## [WORK TO COMPLETE]
In the entries below, find the line containing "杭州杜湖名庭200㎡法式中古風裝修案例效果圖" and the line containing "On the other". Copy those two lines and everything between them exactly, without the pictures.

## [RECORD SET]

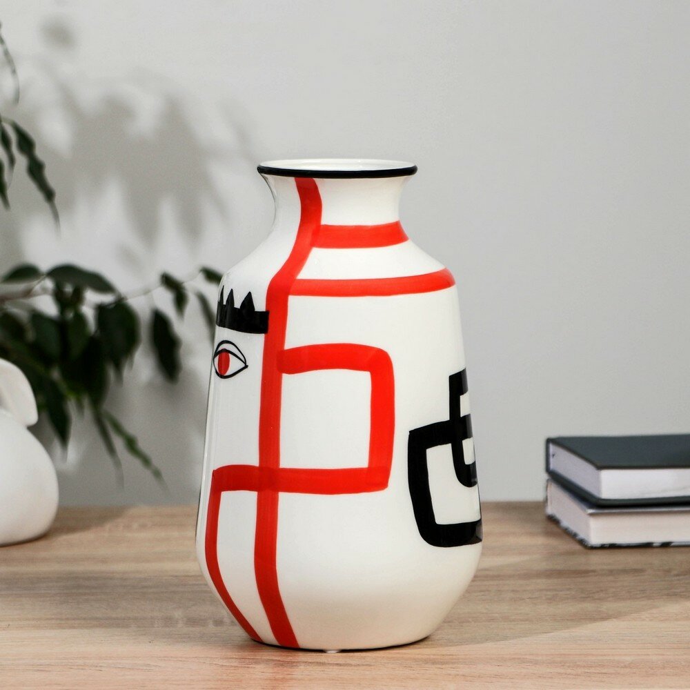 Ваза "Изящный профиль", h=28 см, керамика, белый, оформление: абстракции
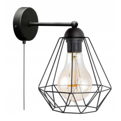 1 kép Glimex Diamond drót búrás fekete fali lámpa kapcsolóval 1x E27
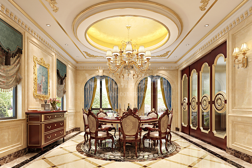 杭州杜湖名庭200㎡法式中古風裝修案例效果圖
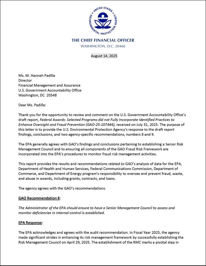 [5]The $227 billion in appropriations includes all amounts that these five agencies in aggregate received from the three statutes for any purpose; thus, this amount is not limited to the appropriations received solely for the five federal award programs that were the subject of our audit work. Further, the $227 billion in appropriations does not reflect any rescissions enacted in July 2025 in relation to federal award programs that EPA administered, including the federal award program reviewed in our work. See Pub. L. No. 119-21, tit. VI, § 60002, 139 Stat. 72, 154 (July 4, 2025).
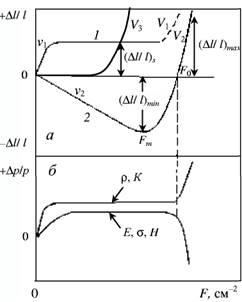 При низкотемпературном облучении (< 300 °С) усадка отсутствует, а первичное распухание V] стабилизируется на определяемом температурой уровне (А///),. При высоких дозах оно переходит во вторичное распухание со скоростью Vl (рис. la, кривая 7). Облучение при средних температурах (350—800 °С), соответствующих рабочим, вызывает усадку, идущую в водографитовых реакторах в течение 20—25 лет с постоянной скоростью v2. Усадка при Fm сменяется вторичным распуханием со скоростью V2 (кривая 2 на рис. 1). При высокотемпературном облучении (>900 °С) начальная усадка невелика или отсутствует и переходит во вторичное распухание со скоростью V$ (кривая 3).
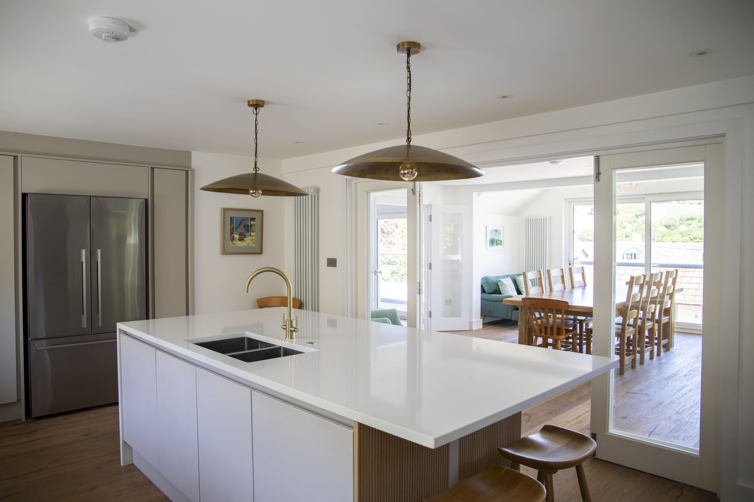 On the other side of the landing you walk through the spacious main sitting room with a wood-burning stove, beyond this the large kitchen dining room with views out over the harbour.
...
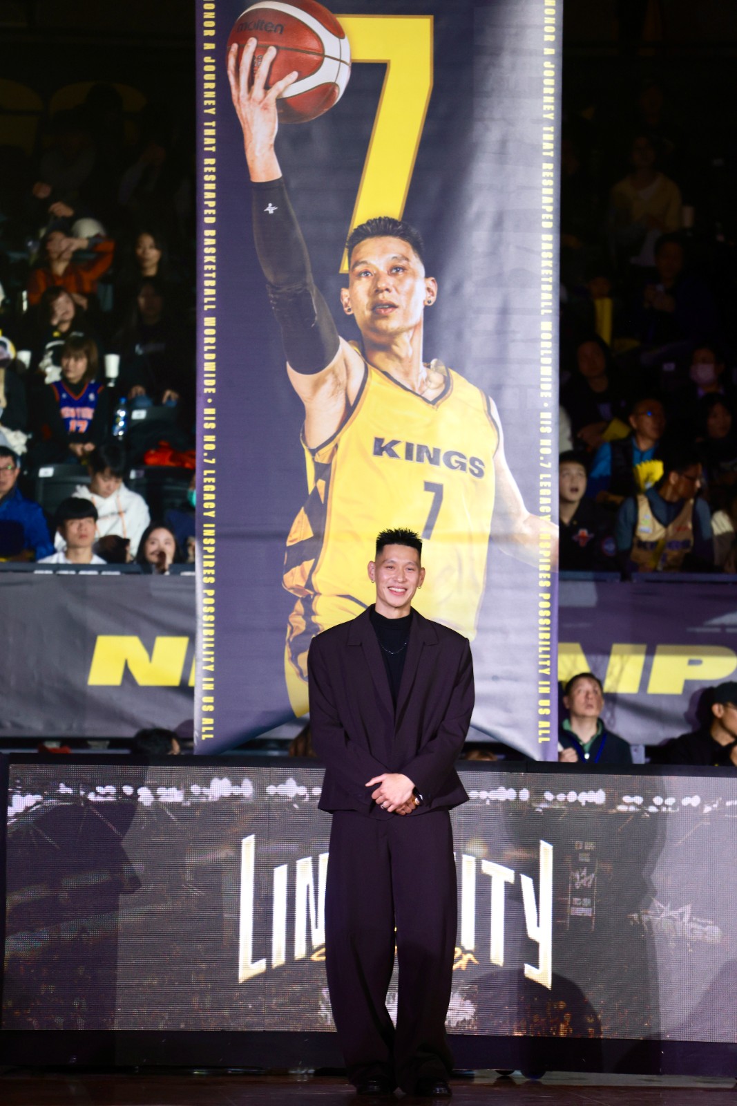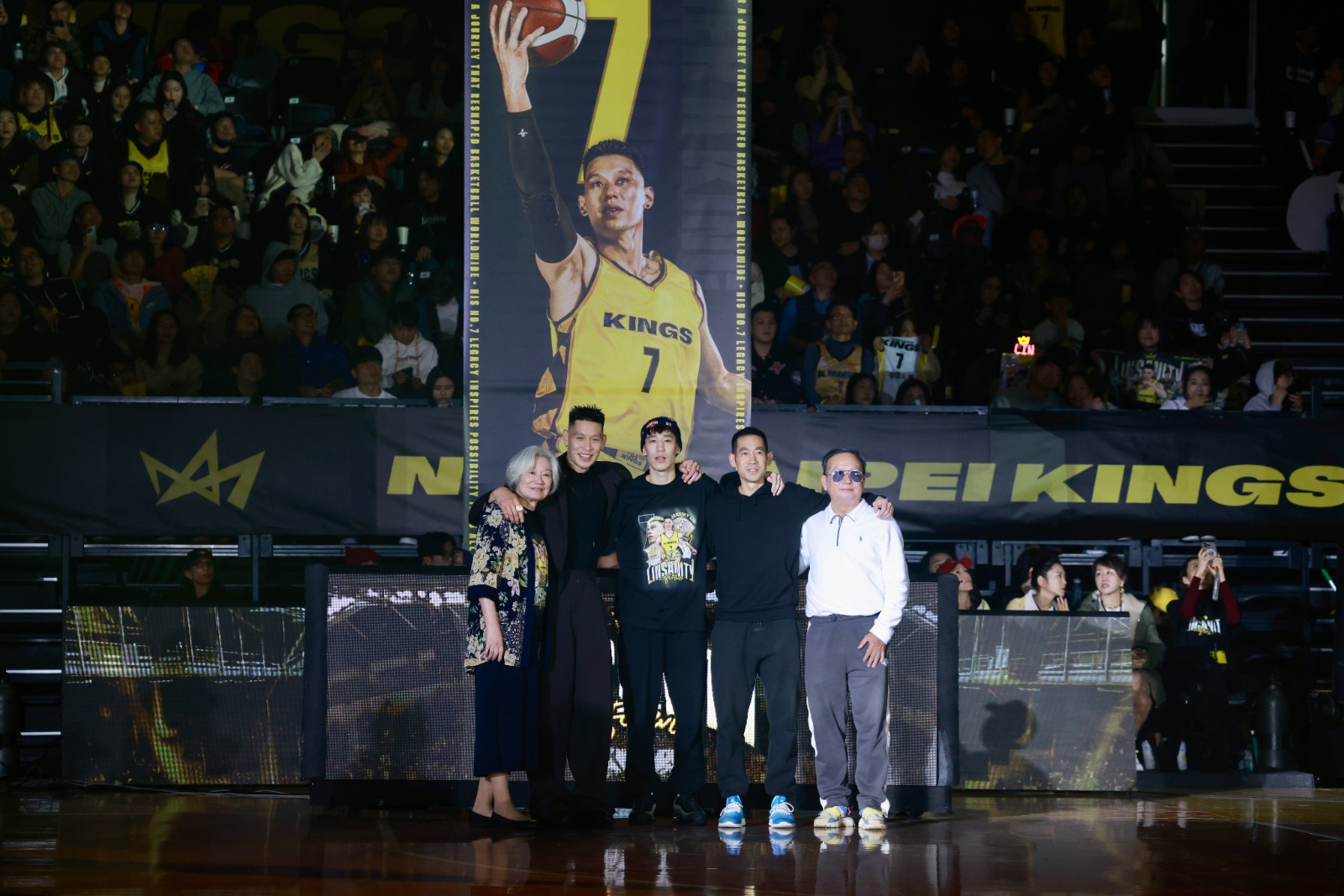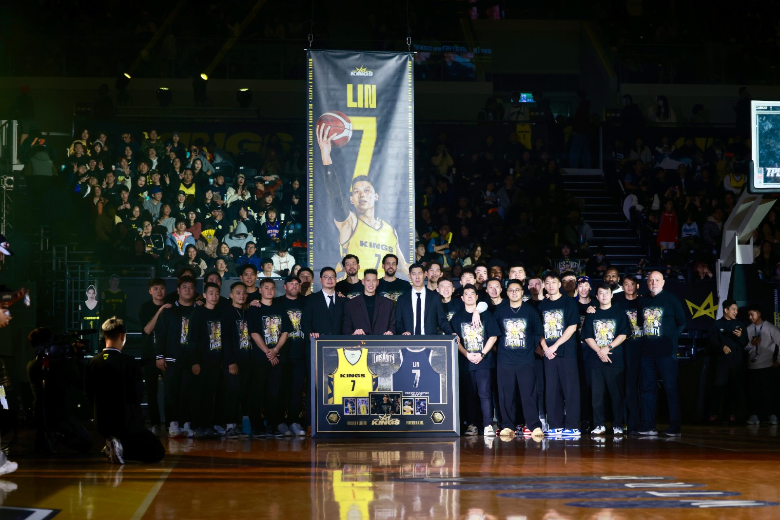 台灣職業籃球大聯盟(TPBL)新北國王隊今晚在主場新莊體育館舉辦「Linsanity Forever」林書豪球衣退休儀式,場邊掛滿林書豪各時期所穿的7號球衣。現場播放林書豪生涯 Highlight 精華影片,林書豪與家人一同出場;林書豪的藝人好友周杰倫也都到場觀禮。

## [WRITTEN RESPONSE]
 杭州杜湖名庭200㎡法式中古風裝修案例效果圖
 [5]The $227 billion in appropriations includes all amounts that these five agencies in aggregate received from the three statutes for any purpose; thus, this amount is not limited to the appropriations received solely for the five federal award programs that were the subject of our audit work. Further, the $227 billion in appropriations does not reflect any rescissions enacted in July 2025 in relation to federal award programs that EPA administered, including the federal award program reviewed in our work. See Pub. L. No. 119-21, tit. VI, § 60002, 139 Stat. 72, 154 (July 4, 2025).
 При низкотемпературном облучении (< 300 °С) усадка отсутствует, а первичное распухание V] стабилизируется на определяемом температурой уровне (А///),. При высоких дозах оно переходит во вторичное распухание со скоростью Vl (рис. la, кривая 7). Облучение при средних температурах (350—800 °С), соответствующих рабочим, вызывает усадку, идущую в водографитовых реакторах в течение 20—25 лет с постоянной скоростью v2. Усадка при Fm сменяется вторичным распуханием со скоростью V2 (кривая 2 на рис. 1). При высокотемпературном облучении (>900 °С) начальная усадка невелика или отсутствует и переходит во вторичное распухание со скоростью V$ (кривая 3).
 On the other side of the landing you walk through the spacious main sitting room with a wood-burning stove, beyond this the large kitchen dining room with views out over the harbour.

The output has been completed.